Personal information
- Born: July 30, 1945 (age 81) Ocala, Florida, U.S.
- Listed height: 6 ft 2 in (1.88 m)
- Listed weight: 220 lb (100 kg)

Career information
- High school: Howard (Ocala)
- College: Florida A&M (1964-1967)
- NFL draft: 1968: 9th round, 244th overall pick

Career history

Playing
- Oakland Raiders (1968); Spokane Shockers (1968); BC Lions (1969); Buffalo Bills (1970)*; Montreal Alouettes (1972);
- * Offseason or practice squad member only

Operations
- Florida A&M (2017–2019) Athletic director;
- Stats at Pro Football Reference

= John Eason =

American football wide receiver (born 1945)

John Eason (born July 30, 1945) is an American former professional football player who was a wide receiver in the American Football League (AFL) and Canadian Football League (CFL). He graduated from Howard High School, a segregated high school in Ocala, Florida, in 1963. He played for the Oakland Raiders in 1968, the BC Lions in 1969 and for the Montreal Alouettes in 1972. He was the athletic director of Florida A&M University from 2017 to 2019. Eason earned bachelor's and master's degrees at FAMU and a Ph.D. in educational administration From Florida State University in 1987.

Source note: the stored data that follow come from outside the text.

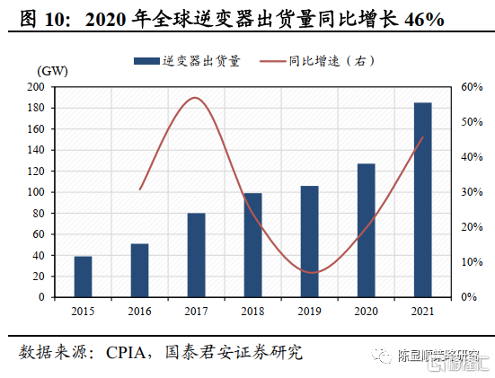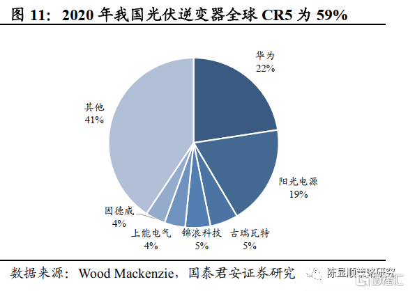 ▶ 逆變器:儲能技術發展帶來增量需求,國內廠商競爭優勢明顯。光伏逆變器可將光伏太陽能板產生的可變直流電壓轉換爲市電頻率交流電,是光伏發電併網的必備組件。光伏逆變器大體可分爲集中式、組串式和集散式三類,其中用於大型光伏電站的集中式逆變器以及用於戶用及工商業分佈式光伏系統的組串式逆變器爲市場主流,兩者合計佔比95%。近年來,受益於光伏裝機量的提升,光伏逆變器需求快速增長,據Wood Mackenzie統計,2020年全球逆變器市場出貨量爲185GW,同比增長46%,考慮到光伏行業整體處於高速成長期,且儲能技術的快速發展帶來增量需求,預計逆變器行業高增長仍將持續。我國逆變器行業經歷了多輪洗牌,現存企業有着很強的產品升級迭代能力,優質的服務與快速的響應能力,並在全球有着完備的銷售渠道,具備極強全球競爭優勢。2020年我國光伏逆變器前五大廠商出貨量佔全球59%,其中華爲、陽光電源累計出貨金額已超100GW,是全球前二的逆變器龍頭企業。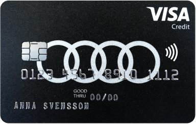 AudiKort Visa är kostnadsfritt och Visa-kopplingen ingår. Kreditkostnad vid räntefritt köp 0 kr.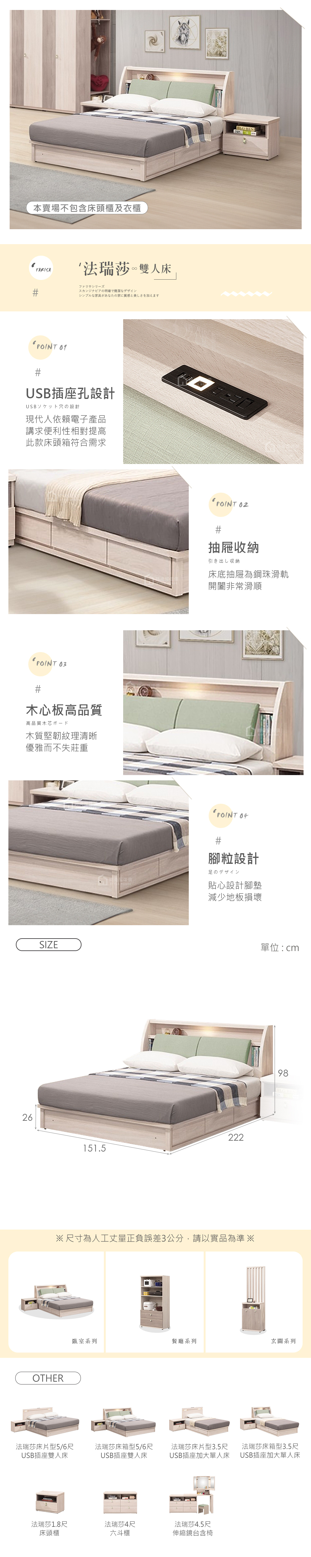 名稱:法瑞莎床箱型5尺USB插座雙人床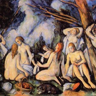 With each version of the Bathers, Cézanne moved away from the traditional presentation of paintings, intentionally creating works that would not appeal to the novice viewer. He did this to avoid fleeting fads and give a timeless quality to his work, and in so doing paved the way for future artists to disregard current trends and paint pieces that would appeal equally to all generations. The abstract nude females present in Large Bathers give the painting tension and density. It is exceptional among his work in symmetrical dimensions, with the adaptation of the nude forms to the triangular pattern of the trees and river. Using the same technique as employed in painting landscapes and still lifes, Large Bathers is reminiscent of the work of Titian and Peter Paul Rubens. Comparisons are also often made with the other famous group of nude women of the same period, Picasso’s Les Demoiselles d’Avignon.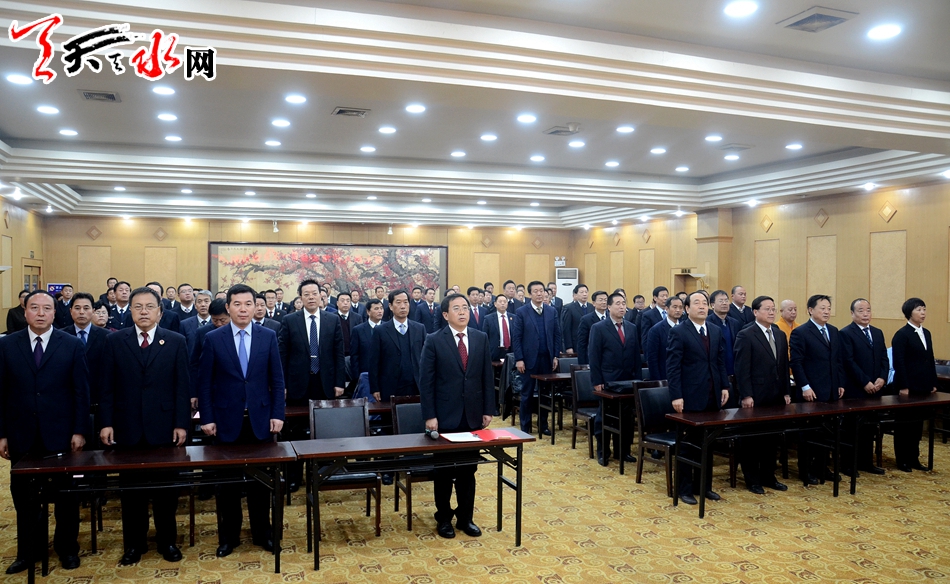 ▲天水市七届人大常委会代表资格审查委员会组成人员进行宣誓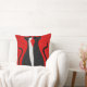 Dois gatos estilizados contra um fundo vermelho brilhante. Um gato é predominantemente preto com cauda curva, enquanto o outro é caracterizado por um centro branco que percorre seu corpo, criando um contraste marcante. Ambos os gatos têm características arredondadas e divertidas, com olhos fechados e expressões contentes, sugerindo um senso de companheirismo e afeto.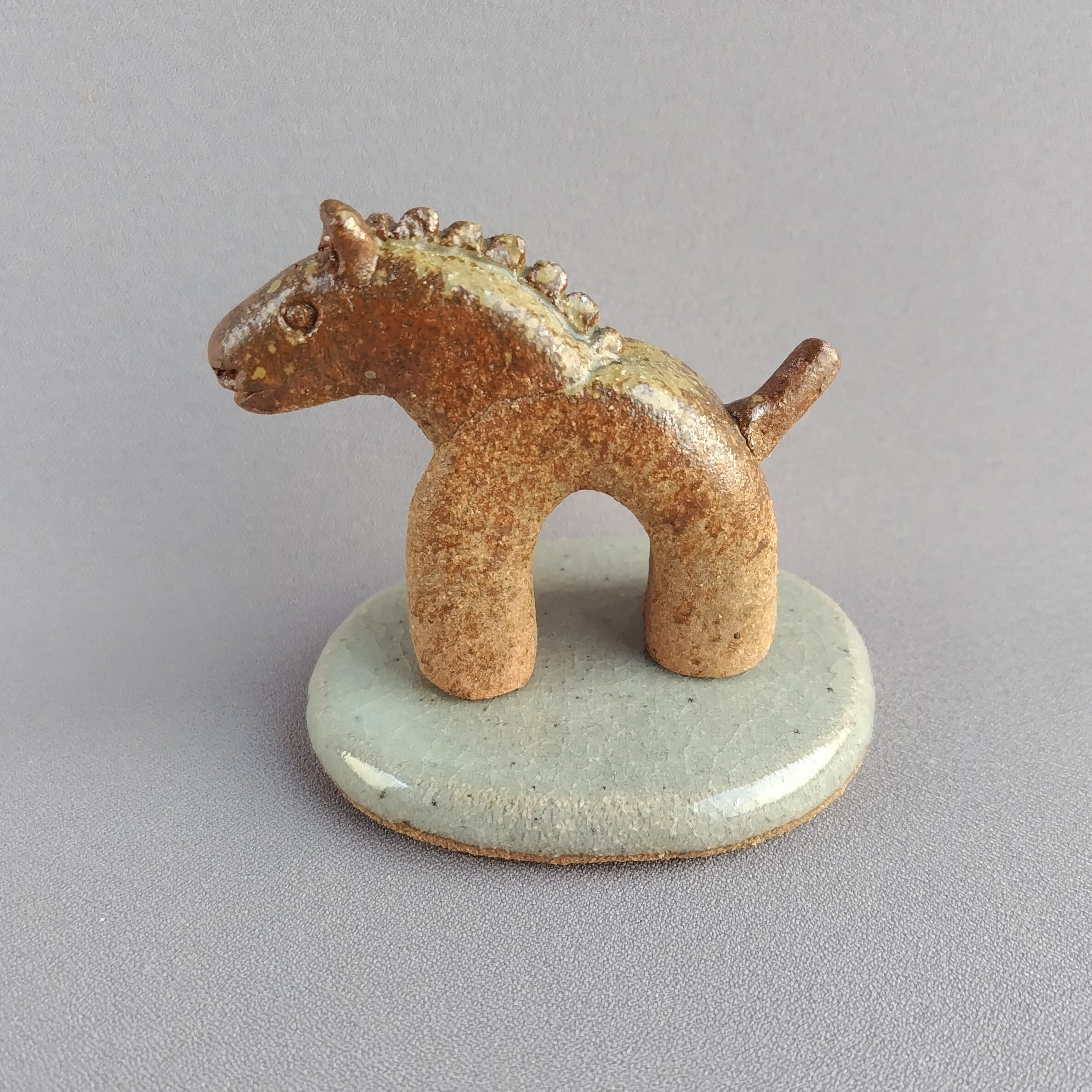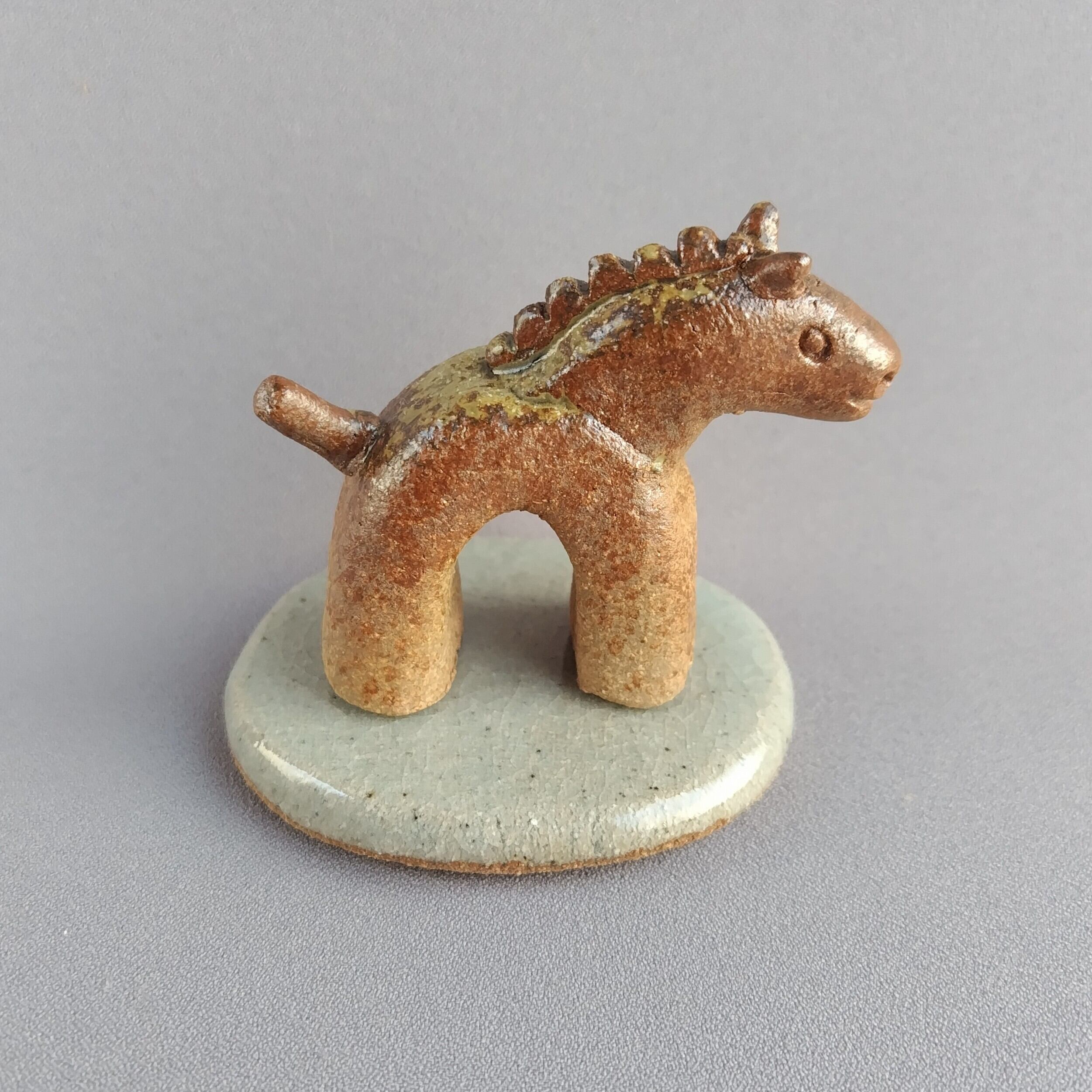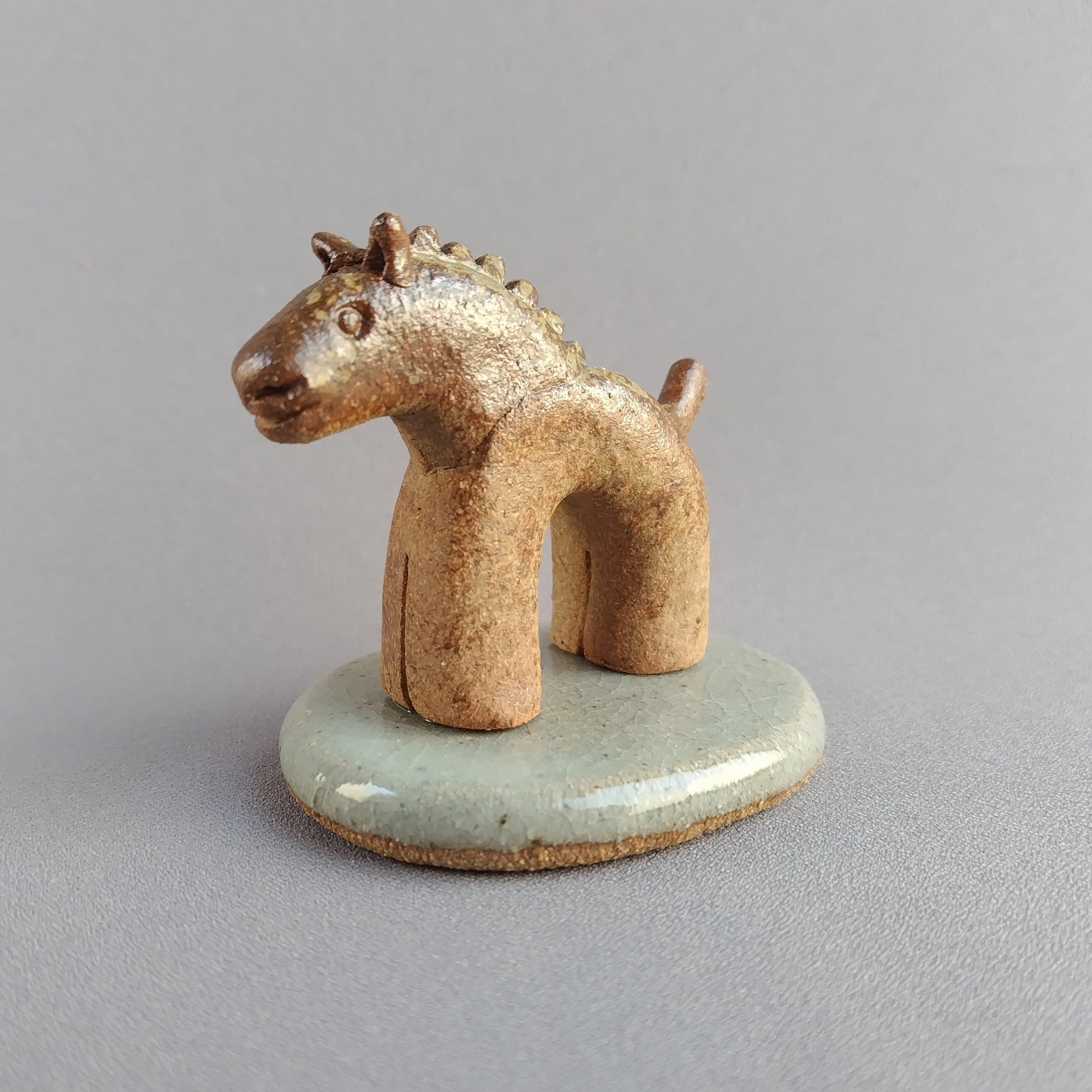 馬本体:灰釉・台:透明釉
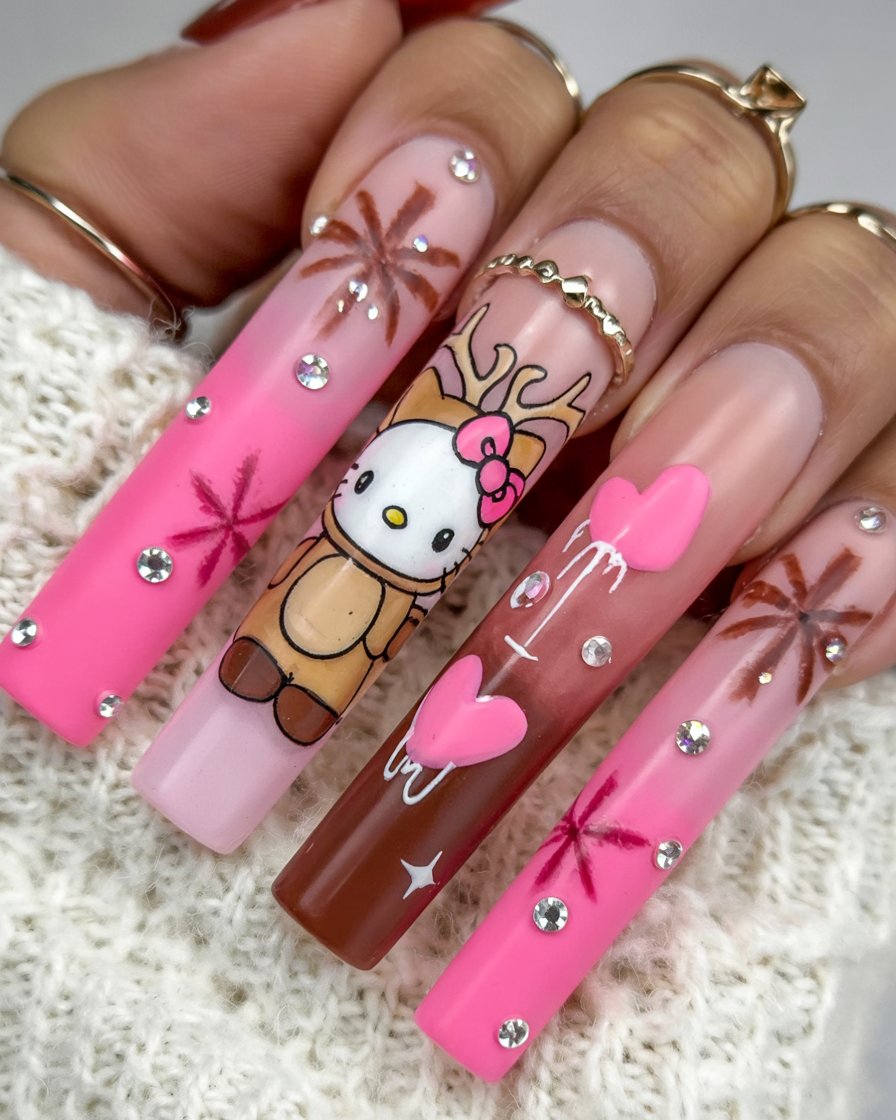 For those who just want more kawaii energy in their seasonal nails, these are like, totally adorable. Long pink acrylic nails adorned with rhinestones, snowflakes, hearts, and a reindeer Hello Kitty-they’re festive, girly, and completely entertaining. It’s like Christmas morning wrapped in sparkles and bows.
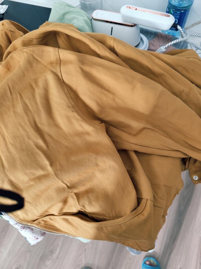 A good ordinary jacket, the most ordinary style. Sewn neatly, cotton. It won't be hot. I just didn’t like the color, either yellow or faded brown. Previously, people wore these in the forest to escape mosquitoes. I recommend.

From 1981 to 1994, Eason coached at FSU, as well as earning a Ph.D. and serving as assistant athletic director for academic and student affairs. From 1995 to 1998, he was offensive coordinator and wide receivers coach at the University of South Carolina. From 1999 to 2000 he worked as an assistant professor in the Department of Human Service and Wellness at the University of Central Florida. In 2001 he joined Mark Richt at the University of Georgia as wide receivers coach and assistant head coach. From 2005 to 2008 he was associate head coach at UGA before becoming director of football operations in 2009, then director of player development in 2010.